The open-plan lounge is also the lobby for the hotel, which contains 300 guest rooms and a business conference centre.
The stacked-up timber beams form the reception counter, while the trees create a protective canopy along the edges of a 350-seat canteen.
"The challenge was to provide spaces that felt intimate whilst being easy to get to, flexible and compatible with large-scale event logistics," Haptic's Tomas Stokke told Dezeen.
Instead of using matching furniture, the designers have added a variety of chairs by different designers, including Charles and Ray Eames, Ronan and Erwan Bouroullec, and Jasper Morrison.
A row of timber columns separates the lounge from the hotel restaurant, where more columns fold outwards to shelter dining tables.

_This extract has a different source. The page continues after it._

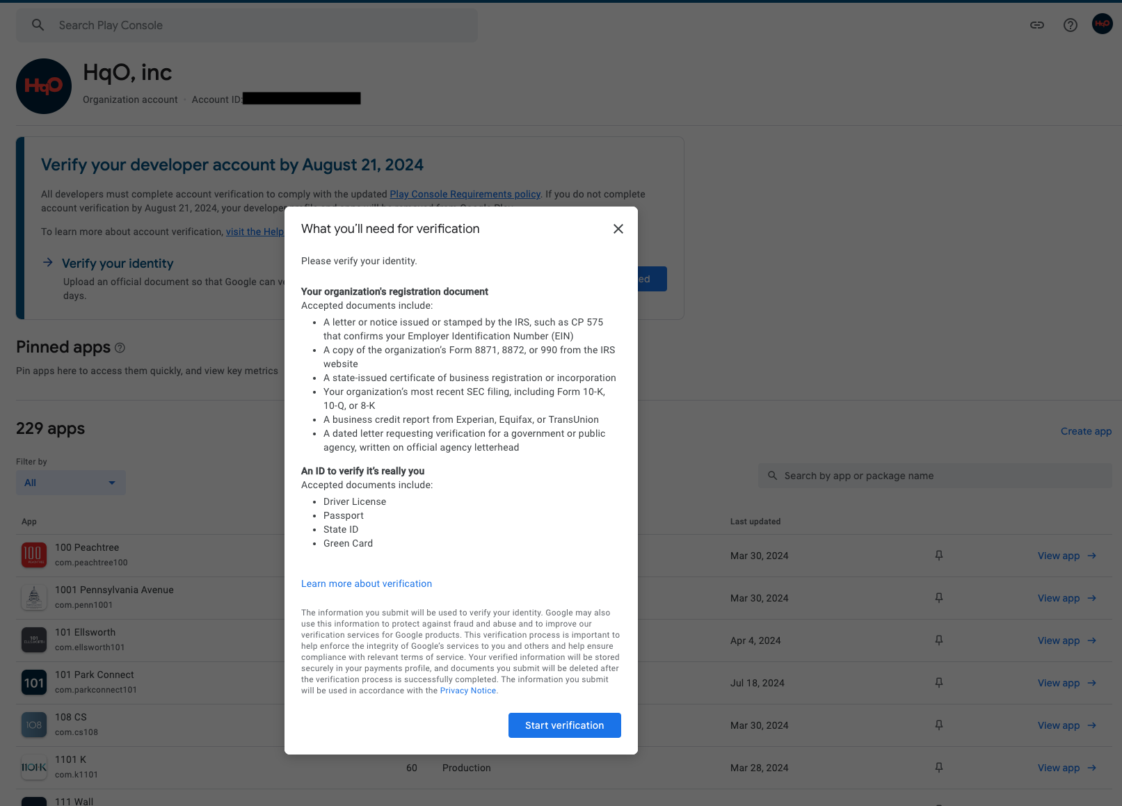 All developers are required to undergo the account verification process to adhere to the updated Play Console Requirements policy.

In contrast to the busy spaces of the lobby, the guest rooms have a simplified design, with a muted colour palette and plain furnishings.
Graphics and signage were created by BOB Design.

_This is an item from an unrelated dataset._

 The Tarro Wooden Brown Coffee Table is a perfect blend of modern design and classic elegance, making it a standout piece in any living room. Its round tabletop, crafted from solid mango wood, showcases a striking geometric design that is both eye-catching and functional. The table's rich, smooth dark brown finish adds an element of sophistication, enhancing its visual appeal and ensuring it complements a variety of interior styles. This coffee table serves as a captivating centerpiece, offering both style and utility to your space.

Another hotel completed recently is the Hôtel Droog, which opened in Amsterdam earlier this month.
Photography is by Trine Thorsen.
Here's a project description from the architects:
Inspired by Nature
This interior architectural project for a large, 300-room hotel and conferencing venue, is inspired by the stunning Norwegian landscape and uses a primary palette of natural materials to provide variety in spatial composition, form, texture and colour.
The primary design strategy was to rationalise a complex set of interconnecting spaces and functions, providing consistent themes and architectural tectonics, but variety and specific "installations" to define each space from the next.

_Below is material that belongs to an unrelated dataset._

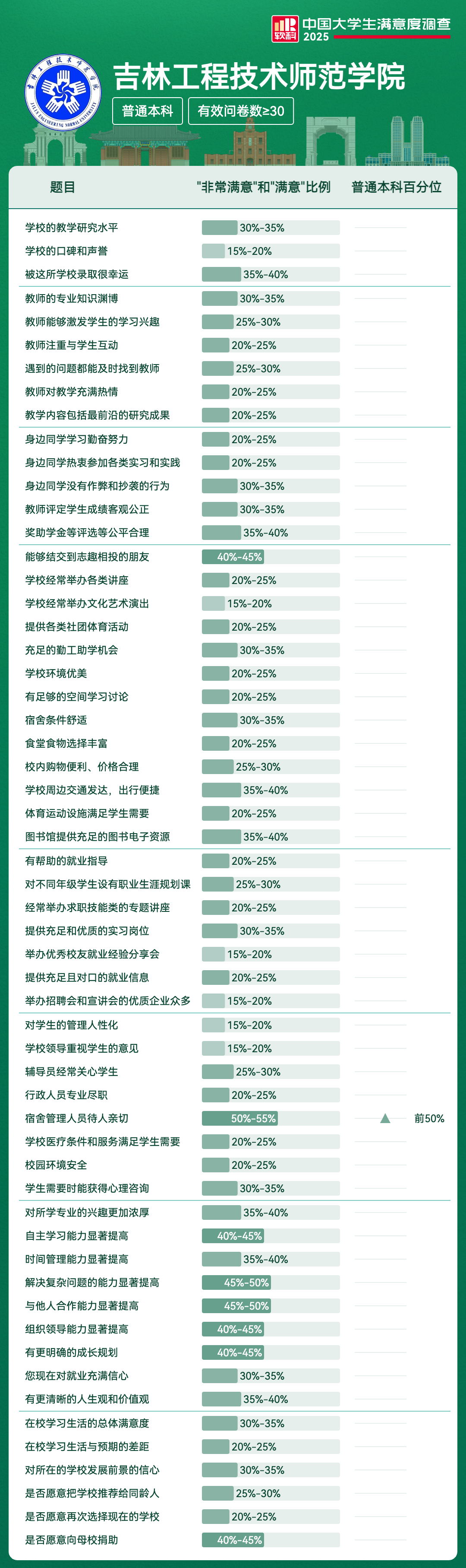 | 宿舍管理人员待人亲切 | 50%-55% | 前50% |

The main communal space of the hotel is understood through a simple architectural theme, the "big floor", which is then subtly sub-divided into zones to define the lobby, from the restaurant/canteen to private dining, lounge/library and conference lobby.
The Norwegian forests are a primary inspiration, whereby timber is used through out in very different ways to create semi-permeable screens, cladding to cores, a bespoke square-log reception and bar, right down to details such as signage and loose furniture.
The main lobby space is framed by a stylised forest wall that divides the lobby from the restaurant but allows glimpses between the spaces and filters natural light from the main skylight above.
The lobby is more than a reception and waiting lounge, elevated to a communal dining and meeting point for hotel and conference guests. Subtle lighting has been installed to work with the planted trees, where shadows from their canopies dance upon the articulated lobby ceiling.
The lounge and library space is defined by a slender timber screen, that seemingly goes off for a walk, creating bar shelving, bookshelves, desks and ceiling.